■ THE DATA:
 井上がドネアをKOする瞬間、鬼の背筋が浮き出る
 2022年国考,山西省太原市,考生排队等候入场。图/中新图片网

==

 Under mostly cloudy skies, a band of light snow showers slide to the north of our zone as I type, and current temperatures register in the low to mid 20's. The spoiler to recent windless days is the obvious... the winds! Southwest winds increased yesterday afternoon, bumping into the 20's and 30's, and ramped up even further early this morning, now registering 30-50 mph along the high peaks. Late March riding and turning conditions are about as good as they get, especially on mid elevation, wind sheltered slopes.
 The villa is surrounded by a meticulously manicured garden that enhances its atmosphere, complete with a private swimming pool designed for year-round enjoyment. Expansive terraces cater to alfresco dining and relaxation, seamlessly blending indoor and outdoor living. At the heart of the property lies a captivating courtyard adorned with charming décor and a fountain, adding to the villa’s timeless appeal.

==

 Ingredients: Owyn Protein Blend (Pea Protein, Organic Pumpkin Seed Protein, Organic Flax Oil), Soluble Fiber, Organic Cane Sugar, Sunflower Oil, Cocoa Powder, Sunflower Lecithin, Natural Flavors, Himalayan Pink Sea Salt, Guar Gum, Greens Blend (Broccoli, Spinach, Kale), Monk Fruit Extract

■ WHAT THE TASK ASKS: From the records above, repeat exactly the lines from the one with "井上がドネアをKOする瞬間、鬼の背筋が浮き出る" through the one with "2022年国考,山西省太原市,考生排队等候入场。图/中新图片网", both included.

■ EXPECTED ANSWER:
 井上がドネアをKOする瞬間、鬼の背筋が浮き出る
 2022年国考,山西省太原市,考生排队等候入场。图/中新图片网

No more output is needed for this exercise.